With the pictures left out, please write out exactly each line from the one containing "Bayan gri fermuarlı" through the end of the material.

COLLECTED DATA =

= = = = = = =

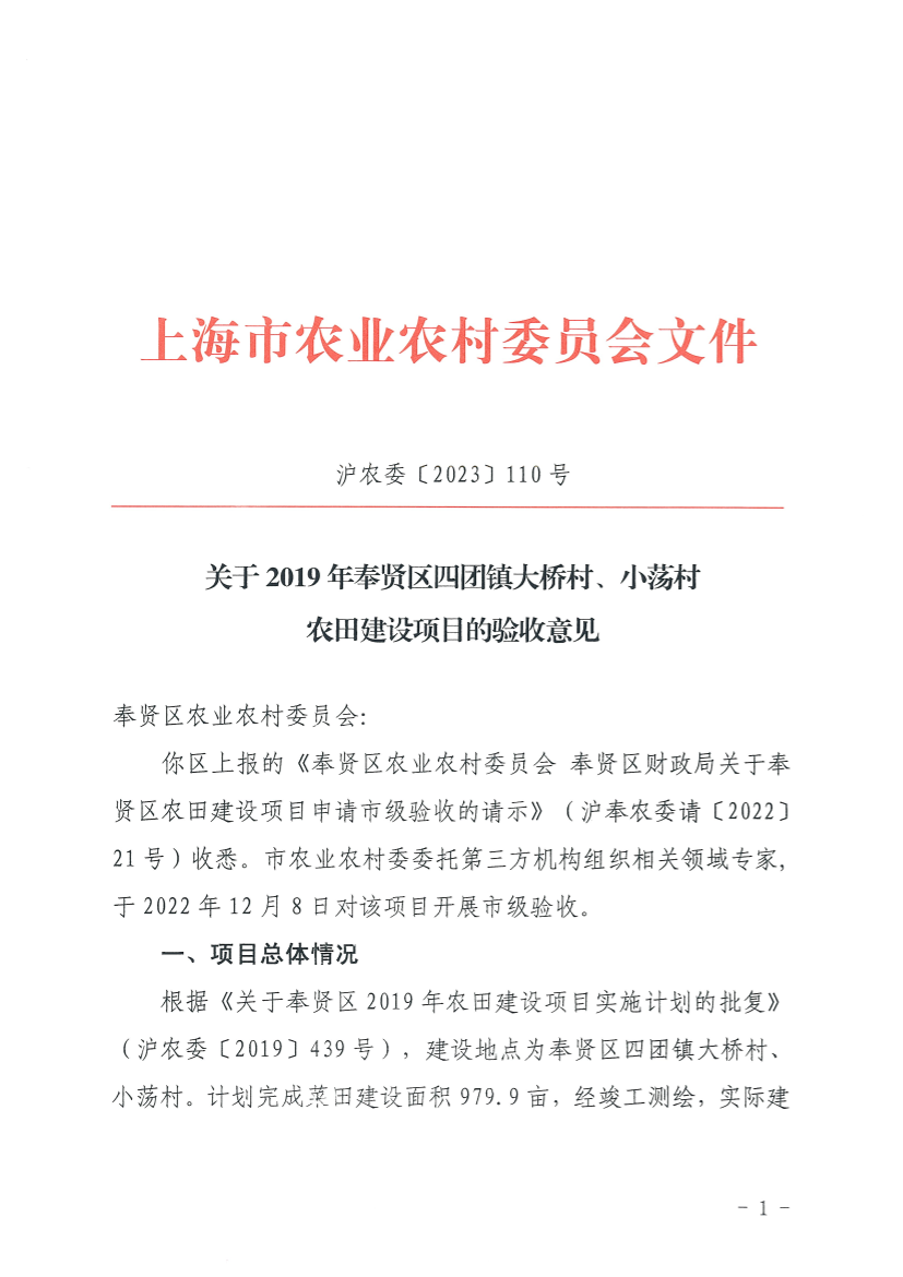 根据《关于奉贤区2019年农田建设项目实施计划的批复》(沪农委〔2019〕439号),建设地点为奉贤区四团镇大桥村、小荡村。计划完成菜田建设面积979.9亩,经竣工测绘,实际建成耕地面积为960.26亩。
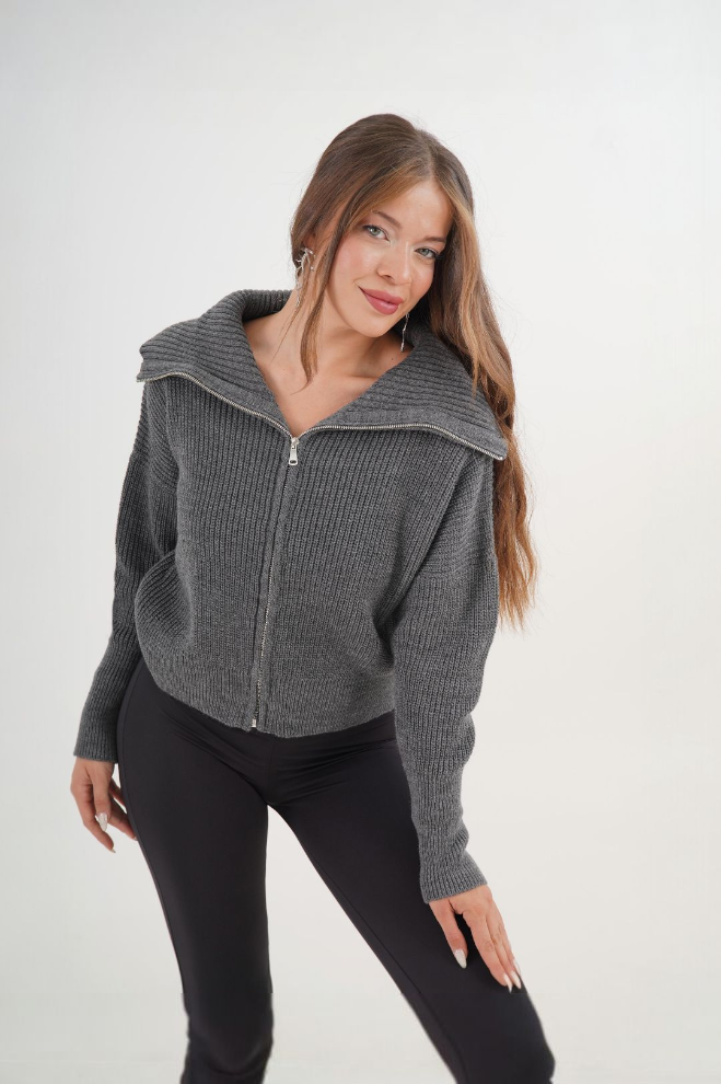 Bayan gri fermuarlı hırka, modern ve rahat tasarımıyla günlük kombinlerinizde şıklığı öne çıkarıyor.
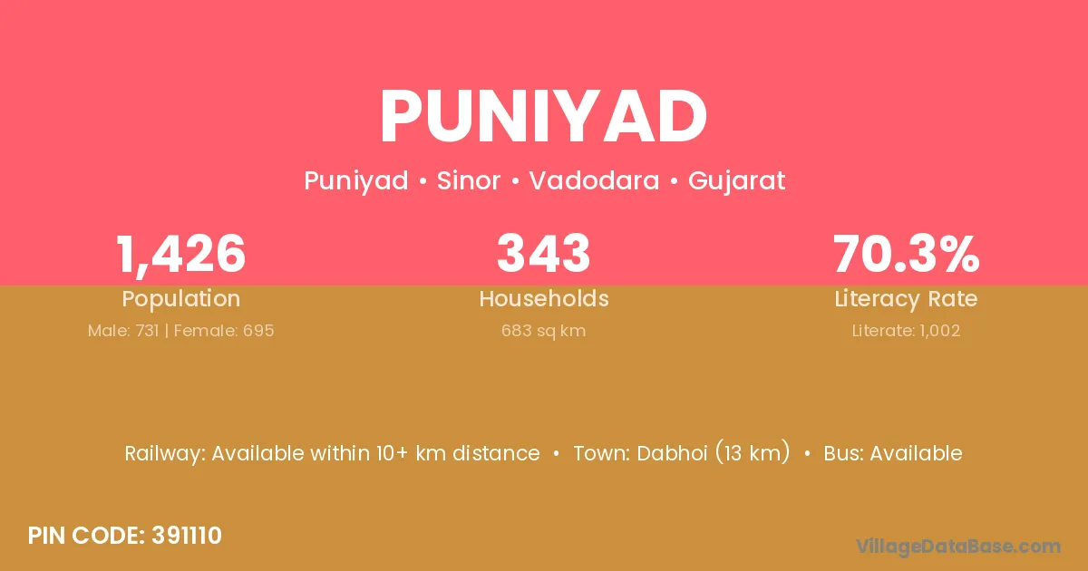 Karjan (13 km) is the nearest town to Puniyad village for major economic activities and is located approximately 13 km away.

= = = = = = =

TASK SOLUTION =
 Bayan gri fermuarlı hırka, modern ve rahat tasarımıyla günlük kombinlerinizde şıklığı öne çıkarıyor.
 Karjan (13 km) is the nearest town to Puniyad village for major economic activities and is located approximately 13 km away.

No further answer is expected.